Пьетро закинул руки за голову: «А когда вы с Элишевой сюда приедете, ты что будешь делать?»

— Я бы, конечно, землю купил, — вздохнул Моше, складывая припасы, — но турки нам ее пока не продают. Даже арендовать нельзя. Так бы, — он посмотрел на свои мозолистые, большие ладони, — у меня бы здесь все зацвело. Вернусь на стройку. Элишева уже на акушерку учится, будет продолжать. Проживем, — он улыбнулся. Пьетро спросил: «А раввином ты быть не хочешь? Ведь твой отец…»

— Я, — Моше подхватил корзинку, — не мой отец. У нас здесь и так, — сочно заметил он, — от раввинов не протолкнуться. Тем более у меня особых способностей нет. Буду по вечерам учиться. Надеюсь, папа к тому времени отойдет и разрешит мне вернуться в ешиву. Пошли, — он усмехнулся, — мне в пять утра вставать надо. У нас на молитву раньше ходят.

— В монастырях тоже рано начинают молиться, — заметил Пьетро. Глядя на золотой закат, на играющее алым цветом, чистое небо, юноша помялся: «Я еще на могилу Авессалома загляну. Давно ее хотел посмотреть».

— Камень, как камень, только что старый, — ухмыльнулся Моше и подтолкнул его: «Иди, завтра увидимся». Пьетро, торопясь, побежал вниз. Моше недоуменно сказал: «И зачем так скакать? Эта гробница там как стояла, так и стоять будет, до прихода Мессии».

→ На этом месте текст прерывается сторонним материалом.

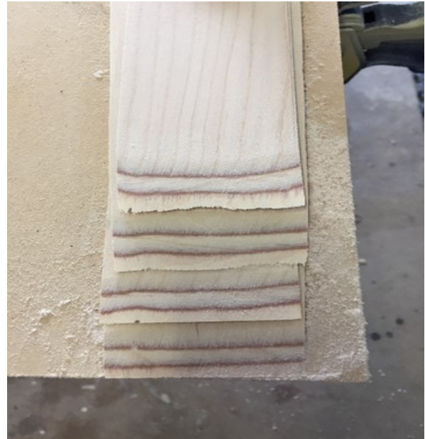
1.5mm former skins scarfed and ready to apply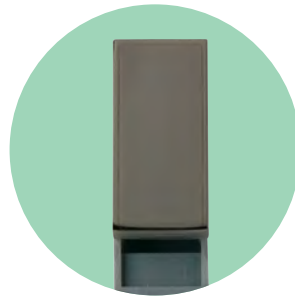
Black Nickel (BN)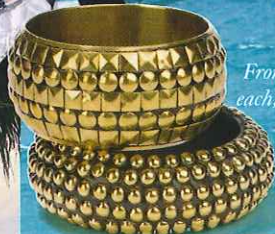
From £90 each, Pebble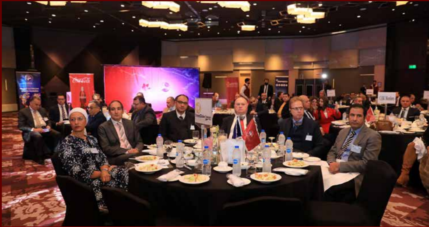
Trans Globe Guests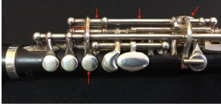
Figure 13. Keefe C sharp trill.

The G-sharp trill key facilitates the trill from G7 to A7, normally an awkward or impossible trill on most piccolos. The mechanism for this trill (see figure 14) includes the addition of a touch piece for the right hand that couples with the C-sharp trill key and allows the player to simultaneously vent the G-sharp and C-sharp trill tone holes with only one finger. 94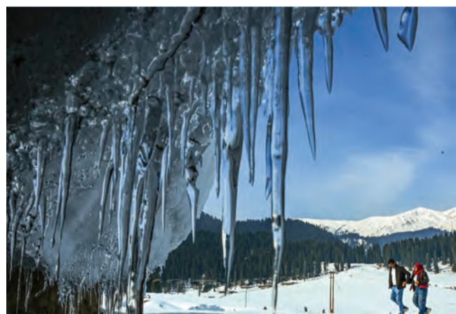
Tourists walk through a snow-covered area with hanging icicles in Doodhpathri, a tourist destination in Budgam, Jammu and Kashmir.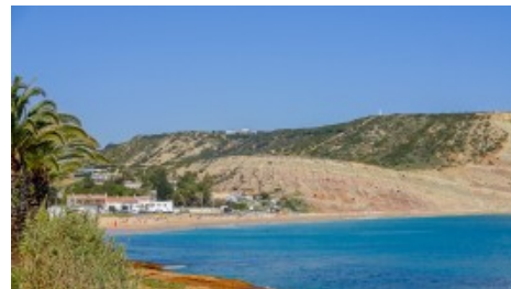
Praia da Luz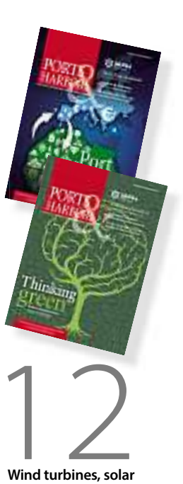
Wind turbines, solar panels, shore power, smart systems, and LNG fuel are just some of the ideas generated at the IAPH Sydney conference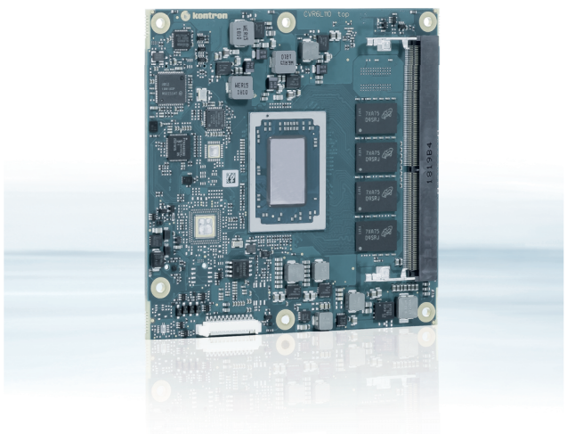
// COMe-cVR6 (E2)

With the launch of the AMD Ryzen<sup>™</sup> Embedded V1000, a new benchmark processor has hit the embedded market that is leading in all key categories of its class. Kontron offers the new processor also on COM Express<sup>®</sup> Compact, thus in a form factor that is much smaller and saves more space than most alternative offers.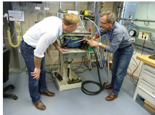
Test facilities Technical University Amberg-Weiden

For gas heating a total of 552,000 kWh was saved. These savings are equivalent to 36 percent of the total heating requirement. The annual average has been able to reuse 52 percent of the compressor power consumption for heating. The peak value of the measurement was 71 percent, which promises innovative developments in compressed air technology and also lowers your energy costs. For example, the pneumatic turbine-drive. Instead of the conventional vane motor it uses a turbine expansion work of the air. This utilizes the working fluids more efficiently, the air requirement of the engine decreases by a third. This scores the turbine drive with an unmatched power-to-weight ratio (kg / kW); it is only half the size of a vane motor. DEPRAG Product Manager Dübbelde, "By replacing a fist-sized vane motor with a turbine-motor of the same size, I can double the power in one swoop!" The turbine also does not require lubricants, and wear parts do not exist. This also speaks to the efficiency of a turbine. Prof. Dr. Eng AP White of the University of Applied Sciences Amberg-Weiden summarizes, "Air is now more efficient than ever if you start to consider using air recovery and there is nothing more economical". For the future, he still sees enormous potential, "Compressed air systems could increasingly find application where the decentralized storage of surplus renewable energy is an advantage. By combining the existing KAESER compressors with the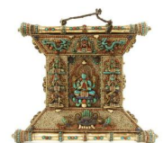
8035: ANTIQUE TIBETAN GILT BRONZE HANGING FRAME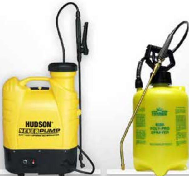
FM 8355 NEVERPUMP™ BAK-PAK® SPRAYER FM 8358 POLY-PRO SPRAYER

Dust Command makes sweeping easier and also, because of a built-in emulsifier, quickly releases when washed, mopped or scrubbed. Dust Command eliminates the need for old fashioned floor sweeps and the mess they leave behind.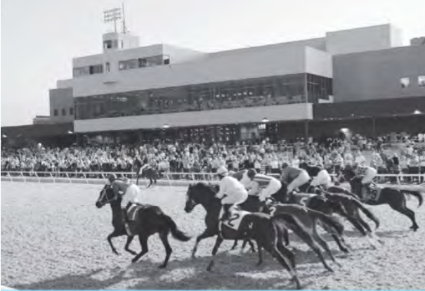
Presque Isle Downs in Erie got underway on September 1, 2007, with an opening day crowd of approximately 16,000.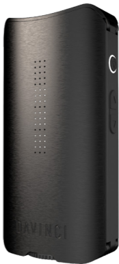
IQ3 shown in Smart Path 3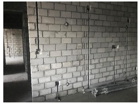
5th Floor Blocks Laying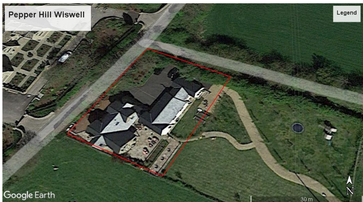
FIGURE 1. Site boundary indicated by the red line above.

Он вспомнил резкий, четкий почерк Элишевы. «Прошло то время, когда евреи зависели от прихоти королей и владык. Ты прав, хватит сидеть в изгнании и ждать Мессию. Надо ехать на Святую Землю, на землю Израиля, и приближать его приход своими руками».

Моше погладил свою короткую, рыжую бороду и улыбнулся. Долина лежала перед ним — безжизненная, с редкими крышами домов и чахлыми, запыленными деревьями.